INVESTIGADORA PÓS-DOUTORADA, LABORATÓRIO DA VISÃO À AÇÃO

"Alguma vez, no caminho para a escola ou para o trabalho, de repente reparou em  algo que esteve sempre lá, mas em que nunca havia reparado? Desde pequena, que estes momentos me fazem questionar se o que estou a ver é realmente como o mundo é ou se consiste apenas na perceção que eu tenho do mundo. E cada vez mais me surpreende a forma como as pessoas podem experienciar o mesmo meio ambiente, de forma diferente.

De facto, a nossa perceção não é apenas uma simples representação da envolvente física, mas sim uma interpretação filtrada pelos nossos objetivos atuais, experiências passadas, emoções e crenças. 

A maneira como vemos o mundo ao nosso redor molda diariamente as nossas ações e interações. Naturalmente comecei a interessar-me pelos mecanismos subjacentes à perceção visual e como isso afeta a flexibilidade do nosso comportamento. Para entender como o nosso cérebro seleciona os sinais visuais a processar e decide quais as ações apropriadas, dediquei-me ao estudo de uma espécie aquática vertebrada, o peixe-zebra.

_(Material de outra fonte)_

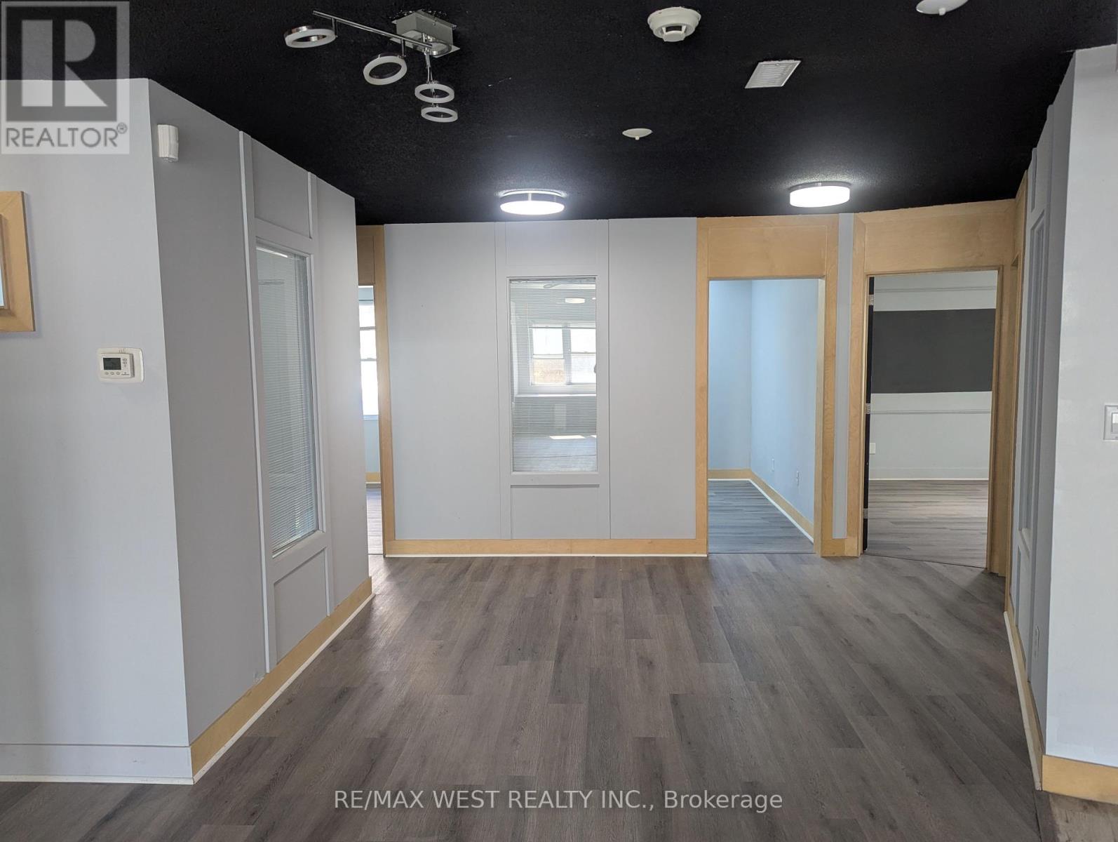 Immaculate upper floor office space located steps to Downtown Oakville. Recently renovated and updated vinyl flooring throughout. Excellent layout with 5 private offices, 1 boardroom, 1 reception area and 1 shared open office space. Includes one 4-piece washroom with shower/tub, kitchenette with fridge. Bright windows throughout the space. (id:63033)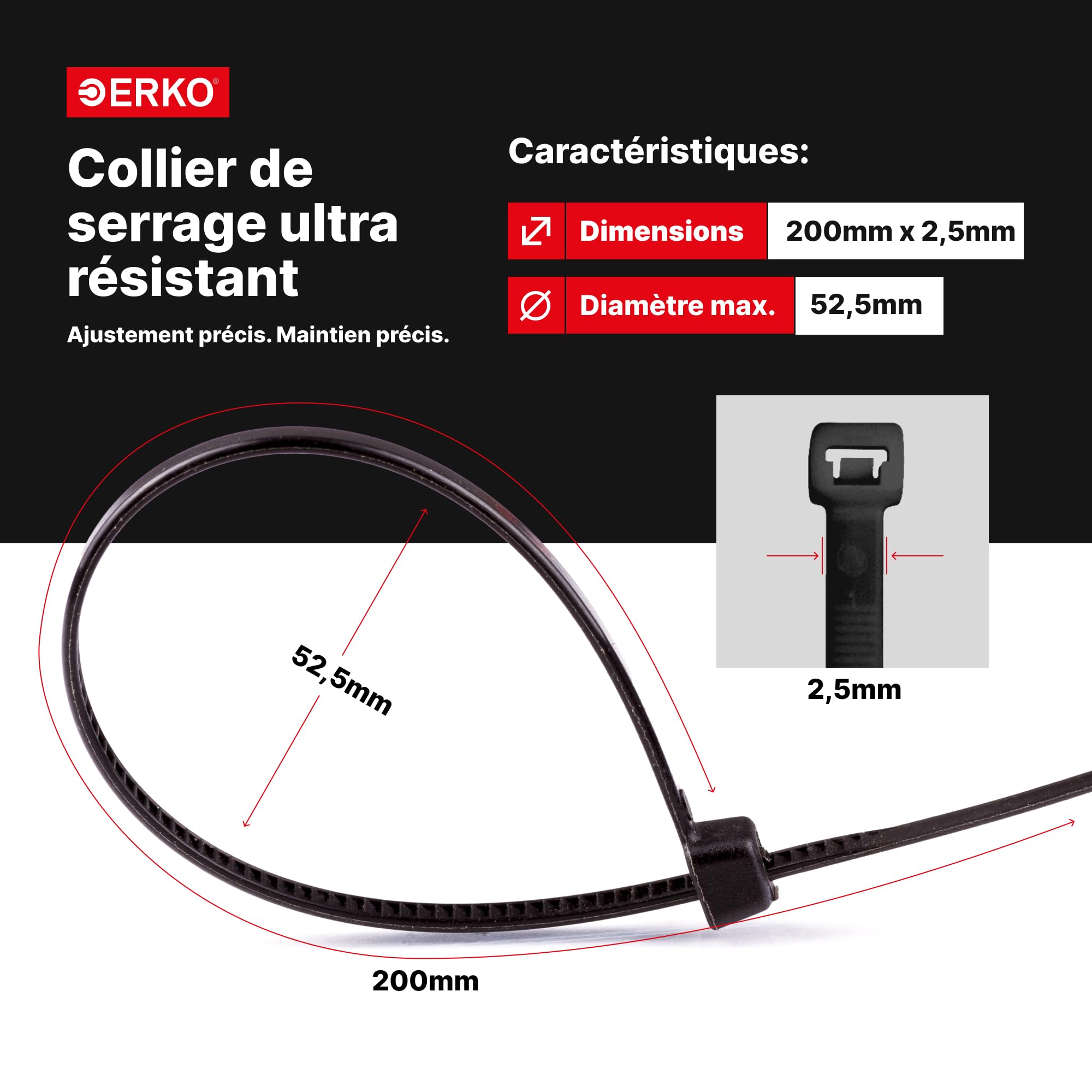 Colliers Serrage Polyamide 100 Pièces D'attaches De Câble Professionnelles 150 X 2,5 Mm Poignée D Colliers De Serrage 140mm Attache cable plastique - WURTH VOLTMAN Lot de 20 attaches câble professionnelles - Diamètre : 9 mm²... du faisceau : 24,00mm résistance à la traction : 6,00KP / résistance à la traction : 59,00N Matériel : Polyamide 6., 6 vert selon UL 94V-2 Charge de température de fonctionnement : -40°C - +85°C Température pendant l'installation : -10°C -+ 60°C Charge thermique courte maximale admissible : +110°C Température de fusion : +250°C Propriété du produit : - Qualité industrielle pour l'artisanat et le commerce - Résistant aux UV / pour l'extérieur - Convient aux demandes générales - Prêt pour une utilisation immédiate - Emballé dans un sachet en plastique - Colliers de serrage en polyamide 6., 6 - Bonne résistance à la température - Dureté de surface et résistance à l'abrasion élevées, bonne résistance aux chocs - Très bonne résistance aux produits chimiques, aux huiles et aux variations de température - Haute résistance à la traction avec une très faible force d'insertion Colliers de serrage en qualité industrielle pour utilisation dans la construction mécanique, l'électrotechnique, le commerce, la construction, l'agriculture, l'horticulture, pour tous les bricoleurs et les amateurs Couleur du collier de serrage : Noir Taille : 140 x 2., 5 mm en 100 pièces UE Caractéristiques techniques : Diamètre max. Résistant aux intempéries et aux UV - pour l'extérieur et l'intérieur., Fabriqué en polyamide 6., 6 de haute qualité Résistance à la température : -40 à +80 °C Point de fusion à environ : 250°C Protection : UL 94 V-2 Convient à toutes les surfaces UBRAVE Serre Câble Réutilisables, Lot de 100 d'attaches de Câble...

O peixe-zebra, com apenas seis dias já interage, de forma adaptativa, com o meio ambiente. O seu cérebro pequeno e transparente permite-nos registar a dinâmica da atividade neuronal e estudar como o sistema nervoso integra informações do mundo exterior para gerar decisões comportamentais. Conhecer os mecanismos que operam dentro do minúsculo cérebro do peixe pode ajudar-nos a descobrir quais são os limites da nossa perceção e a encontrar formas de a expandir."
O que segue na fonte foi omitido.